* [PROBLEM DESCRIPTION] Would you restate the listing word for word, with the images omitted?

* [DATA FOR PROCESSING]
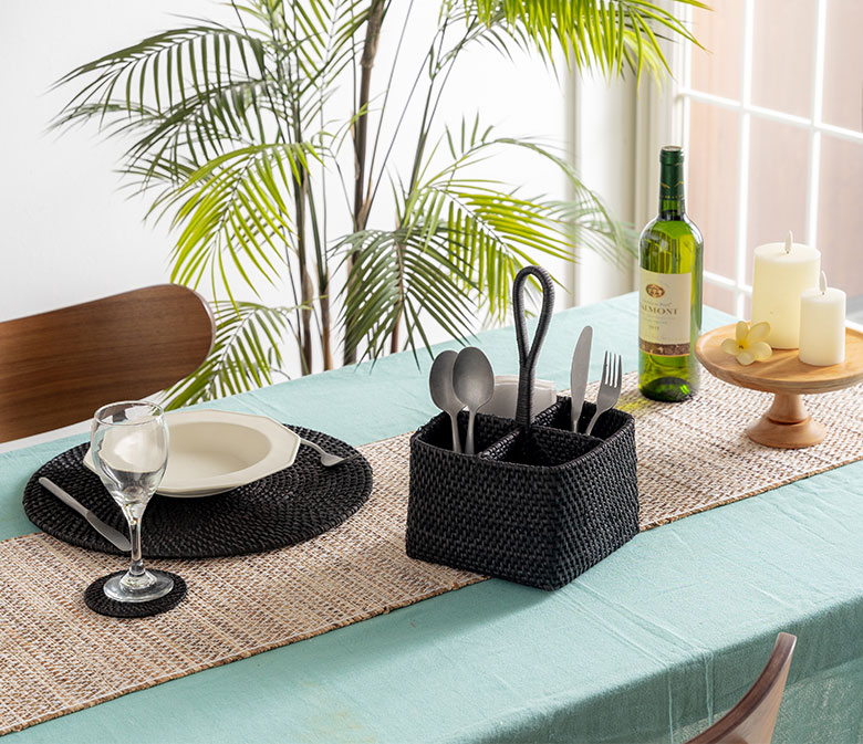 洗練されたテーブルコーディネートを作る、エスプレッソブラックカラーのラタンアイテム。
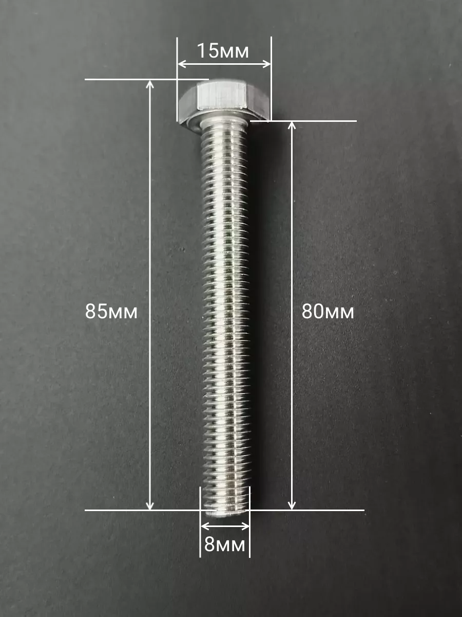 Материалом для болта служит нержавеющая сталь класса A2. У изделия есть цилиндрический стержень c полной резьбой М8 и шестигранная головка. Шляпка передает крутящий момент от ключа к крепежу при завинчивании. Для создания прочных резьбовых соединений крепеж используется в комбинации с шайбой и гайкой или завинчивается в отверстия с нарезанной резьбой. Чтобы исключить электрохимическую коррозию, шайбы с гайкой делаются из коррозионно-устойчивой стали либо нейтральных полимерных материалов.
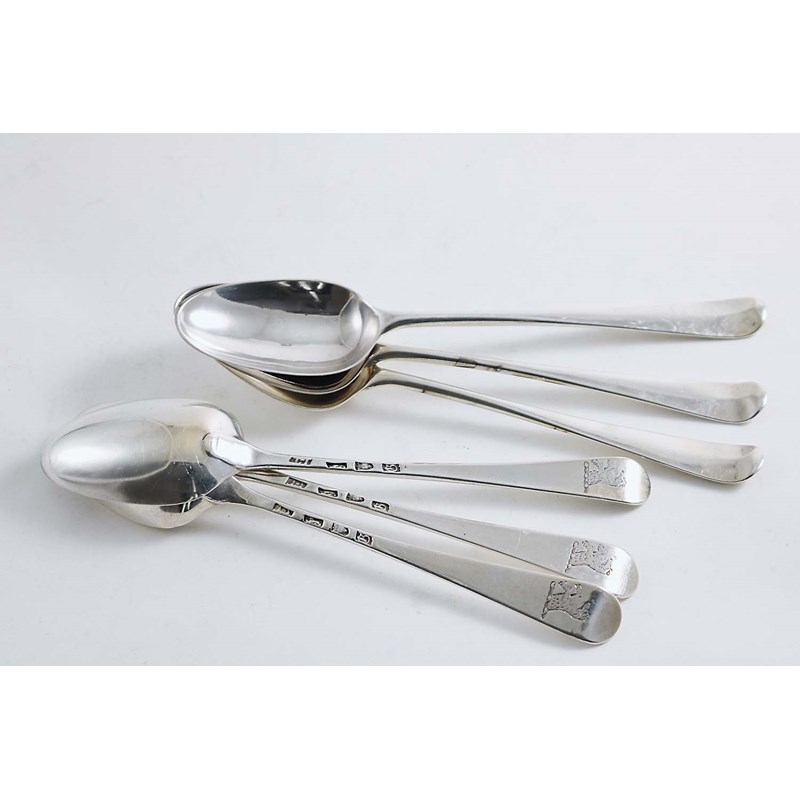 A SET OF SIX EARLY GEORGE III DESSERT SPOONS Hanoverian pattern, crested, by James Tookey, London 1762; 7.1 oz (6)
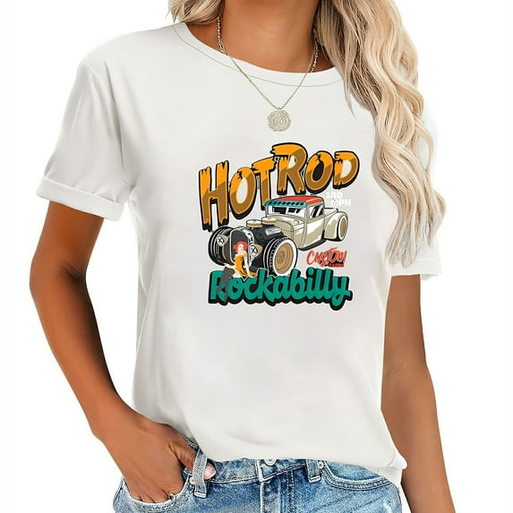 Hero image 0 of HOT ROD CAR AND PIN UP ROCKABILLY GIRLS American Retro Womens Cool T Shirts White, 0 of 5
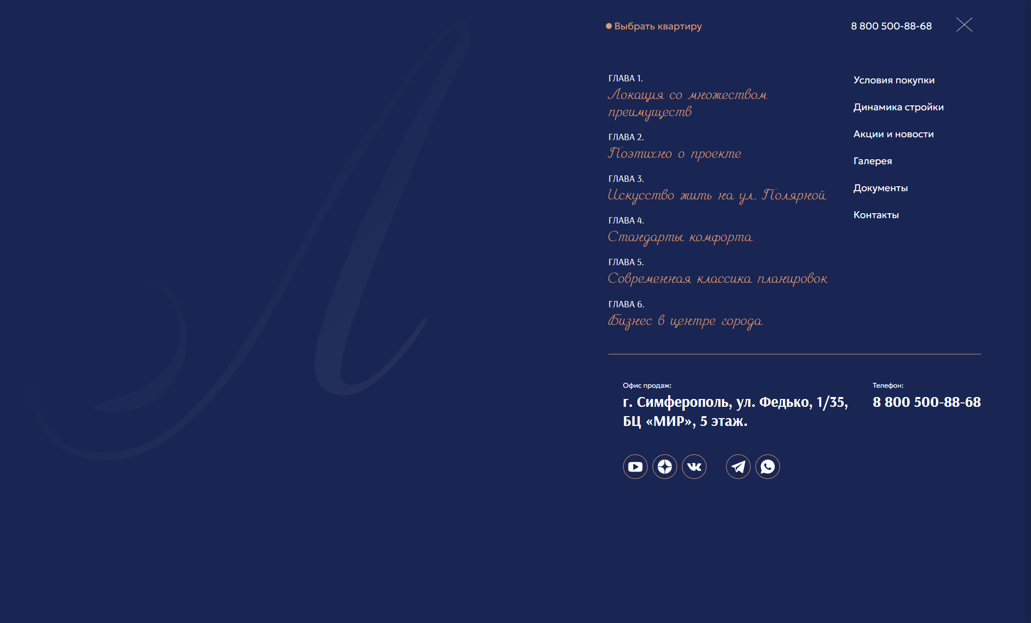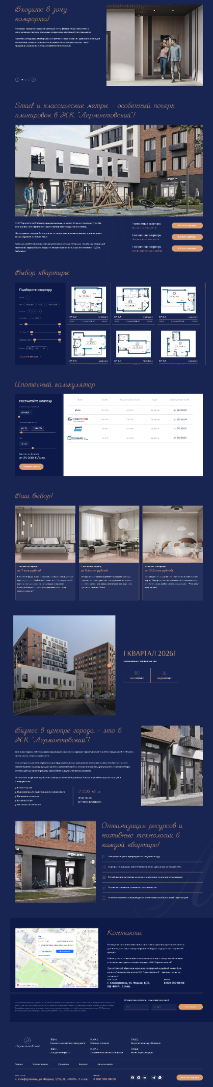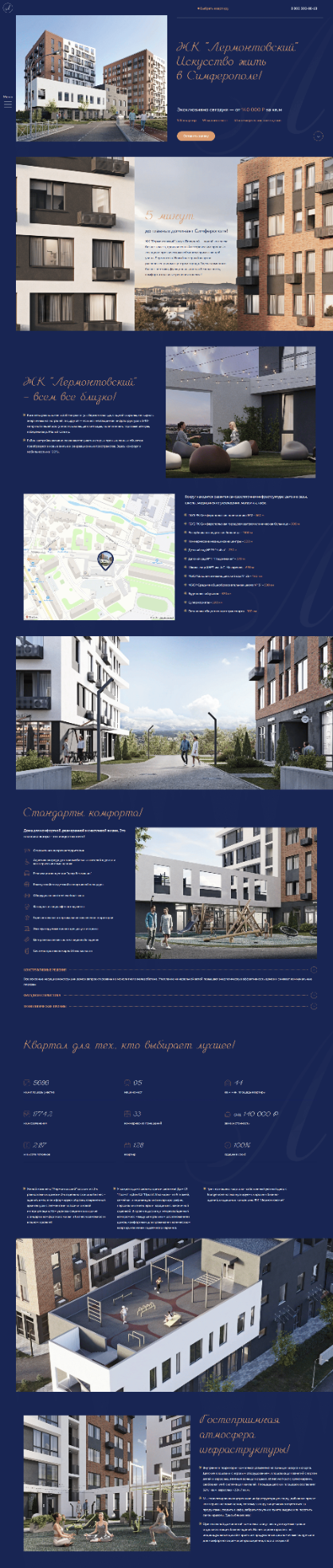 Цель: Создание стильного и функционального сайта для жилого комплекса "Лермонтовский", который подчеркивает ключевые преимущества объекта: удобное расположение, современная архитектура и комфортные условия для жизни. Основной задачей было представить ЖК "Лермонтовский" как идеальное место для проживания и привлечь потенциальных покупателей.
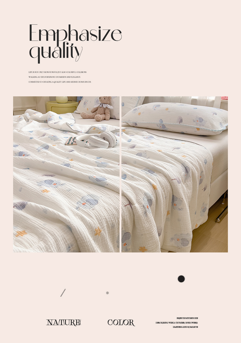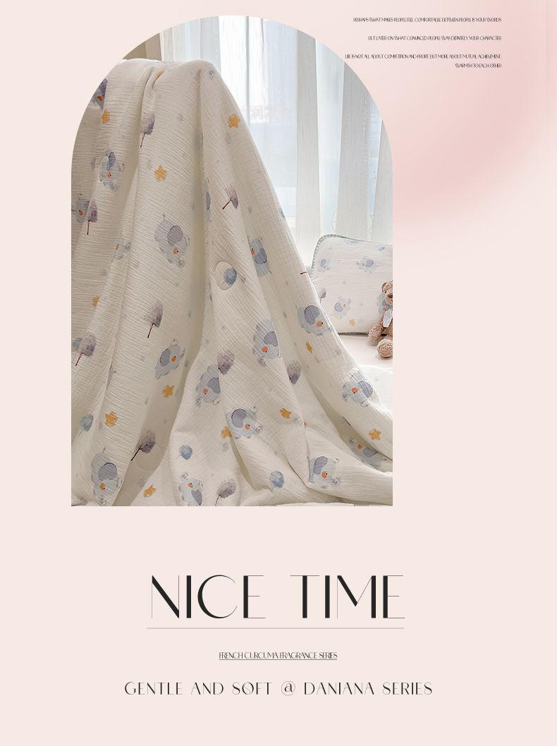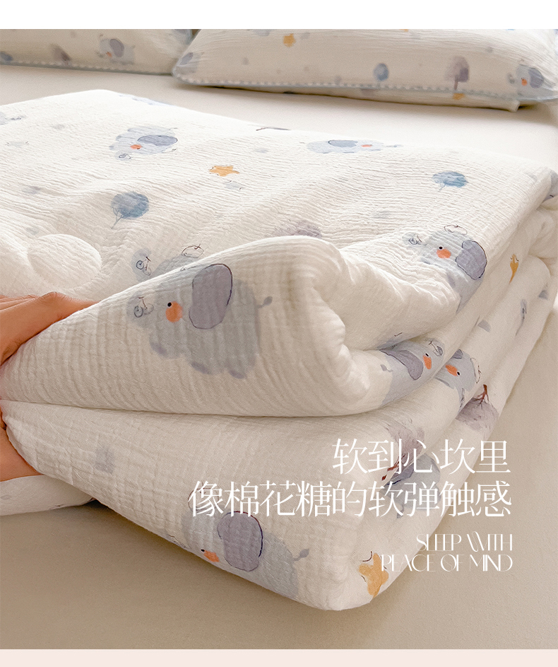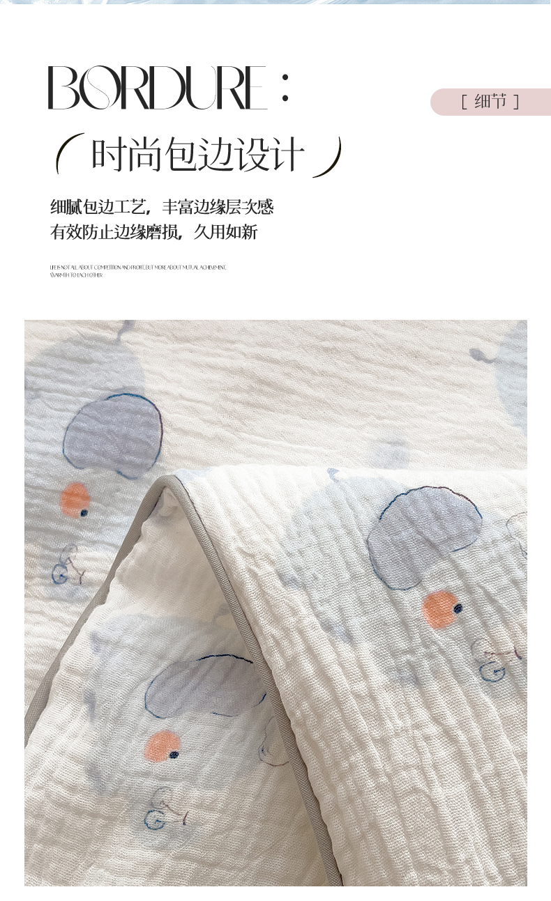 商品名称:兄弟坊 2026春夏新款全棉纯棉印花双层皱皱纱(滚边款)夏被纱布夏凉被午睡被盖毯夏凉被 象星语
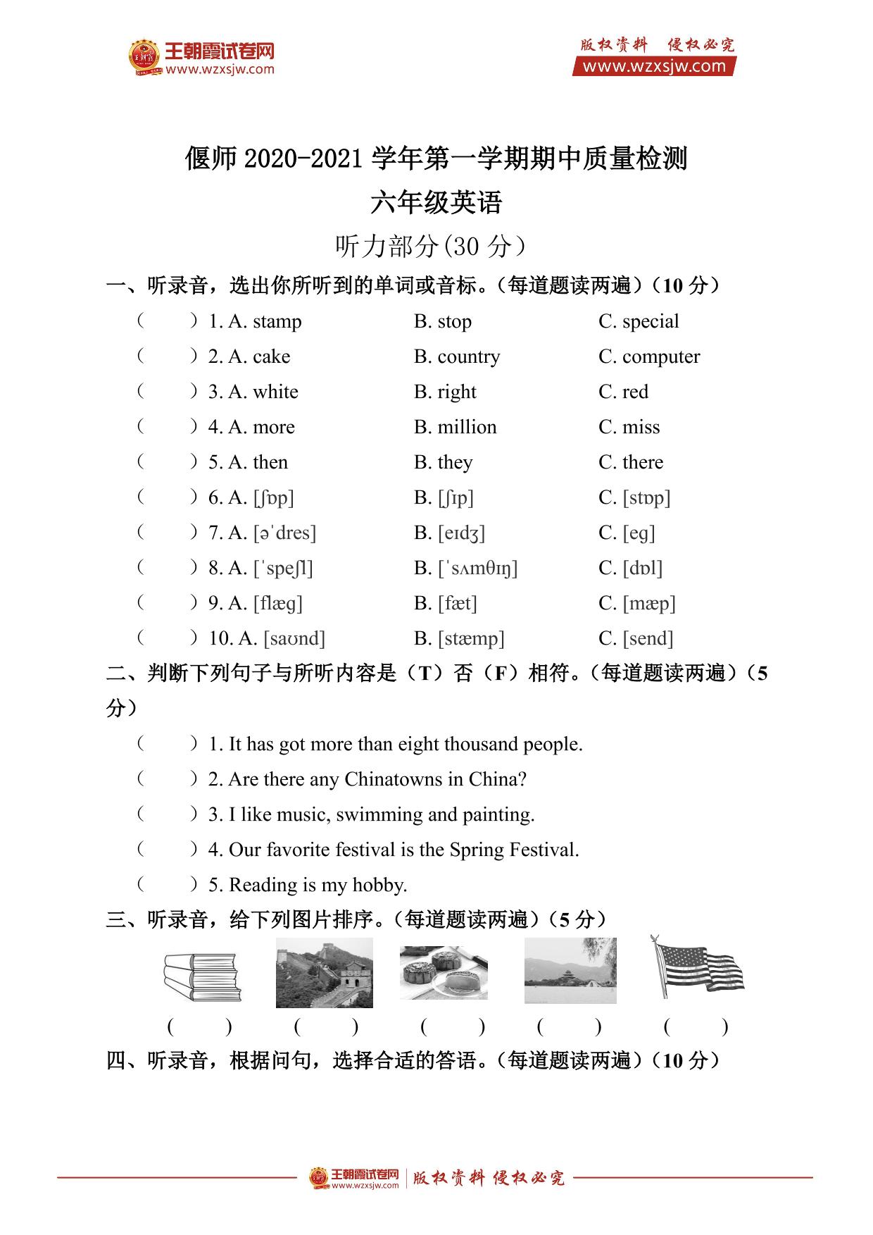 六年级英语人教PEP版(三起始)上册期中卷
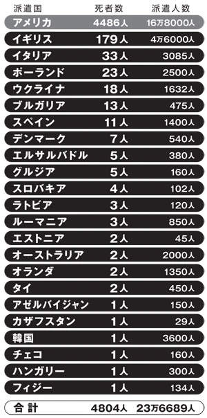 「イラク攻撃での各国兵士の死者数と派遣人数」http://wpb.shueisha.co.jp/2014/06/10/31380/images/2
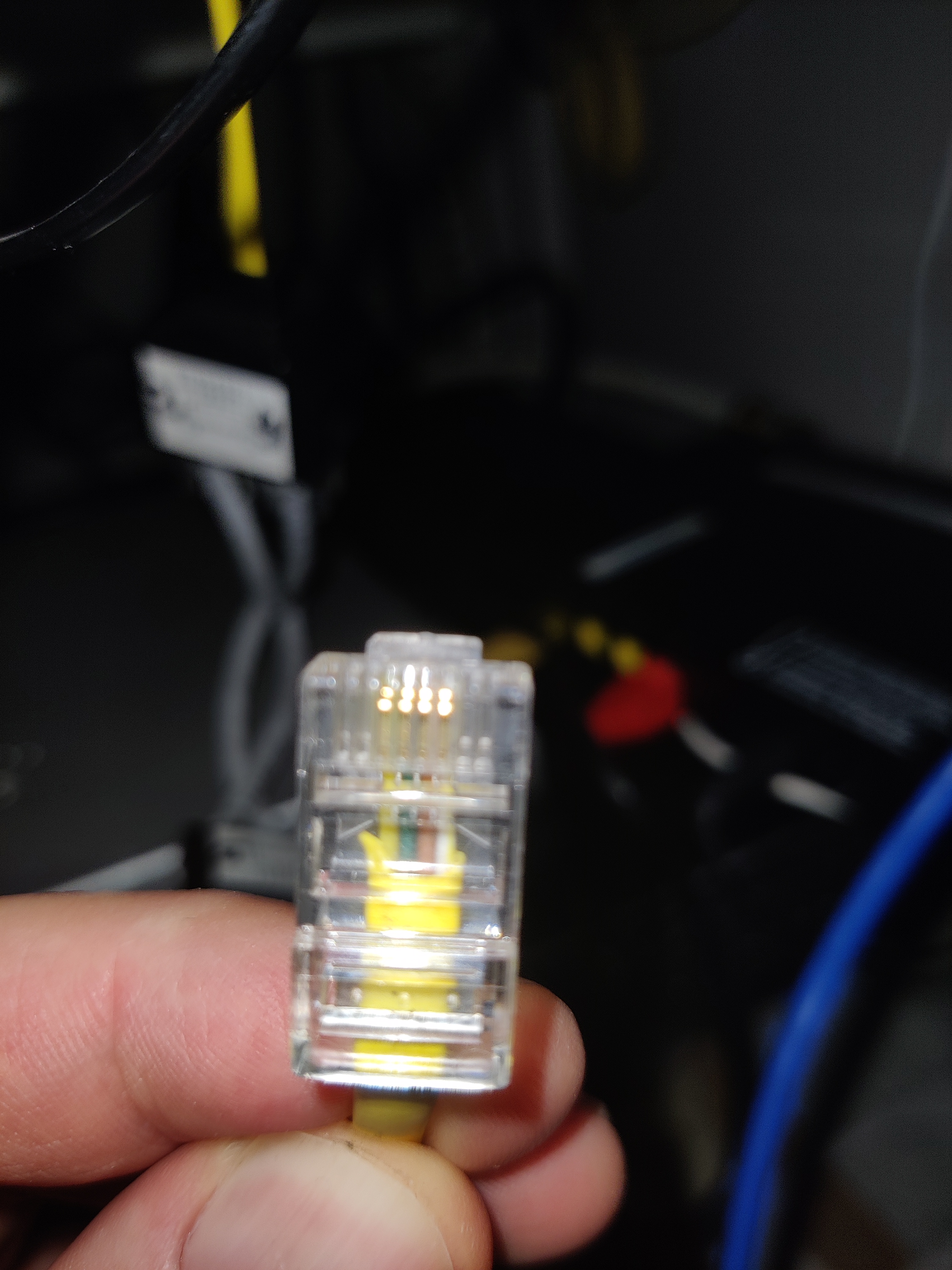 Ik ben in een kantoor aan het helpen in de conversie van een analoge PBX naar een FreePBX-centrale. Voor de telefoons is de conversie eenvoudig maar mijn vraag is afkomstig van twee analoge deurbellen die verbonden zijn met de PBX. Vanuit de twee deurbellen komt een gewone netwerkkabel met vier koperparen aan bij de PBX waarvan twee paren per deurbel aangesloten worden op de PBX door eerst tweemaal twee draadjes op een RJ45-connector te connecteren, waarna aansluiten op een adapter (ik gebruik wellicht de verkeerde benaming maar dus geen idee hoe dat heet) zoals op onderstaande foto. Hierna worden 4 koperdraadjes opnieuw op een RJ45-connector geconnecteerd zoals op onderstaande foto met inpluggen op de analoge PBX. De nieuwe situatie gaat worden: deurbel --> ATA --> FreePBX-centrale

* [RESULT]
 洗練されたテーブルコーディネートを作る、エスプレッソブラックカラーのラタンアイテム。
 Материалом для болта служит нержавеющая сталь класса A2. У изделия есть цилиндрический стержень c полной резьбой М8 и шестигранная головка. Шляпка передает крутящий момент от ключа к крепежу при завинчивании. Для создания прочных резьбовых соединений крепеж используется в комбинации с шайбой и гайкой или завинчивается в отверстия с нарезанной резьбой. Чтобы исключить электрохимическую коррозию, шайбы с гайкой делаются из коррозионно-устойчивой стали либо нейтральных полимерных материалов.
 A SET OF SIX EARLY GEORGE III DESSERT SPOONS Hanoverian pattern, crested, by James Tookey, London 1762; 7.1 oz (6)
 Hero image 0 of HOT ROD CAR AND PIN UP ROCKABILLY GIRLS American Retro Womens Cool T Shirts White, 0 of 5
 Цель: Создание стильного и функционального сайта для жилого комплекса "Лермонтовский", который подчеркивает ключевые преимущества объекта: удобное расположение, современная архитектура и комфортные условия для жизни. Основной задачей было представить ЖК "Лермонтовский" как идеальное место для проживания и привлечь потенциальных покупателей.
 商品名称:兄弟坊 2026春夏新款全棉纯棉印花双层皱皱纱(滚边款)夏被纱布夏凉被午睡被盖毯夏凉被 象星语
 六年级英语人教PEP版(三起始)上册期中卷
 「イラク攻撃での各国兵士の死者数と派遣人数」http://wpb.shueisha.co.jp/2014/06/10/31380/images/2
 Ik ben in een kantoor aan het helpen in de conversie van een analoge PBX naar een FreePBX-centrale. Voor de telefoons is de conversie eenvoudig maar mijn vraag is afkomstig van twee analoge deurbellen die verbonden zijn met de PBX. Vanuit de twee deurbellen komt een gewone netwerkkabel met vier koperparen aan bij de PBX waarvan twee paren per deurbel aangesloten worden op de PBX door eerst tweemaal twee draadjes op een RJ45-connector te connecteren, waarna aansluiten op een adapter (ik gebruik wellicht de verkeerde benaming maar dus geen idee hoe dat heet) zoals op onderstaande foto. Hierna worden 4 koperdraadjes opnieuw op een RJ45-connector geconnecteerd zoals op onderstaande foto met inpluggen op de analoge PBX. De nieuwe situatie gaat worden: deurbel --> ATA --> FreePBX-centrale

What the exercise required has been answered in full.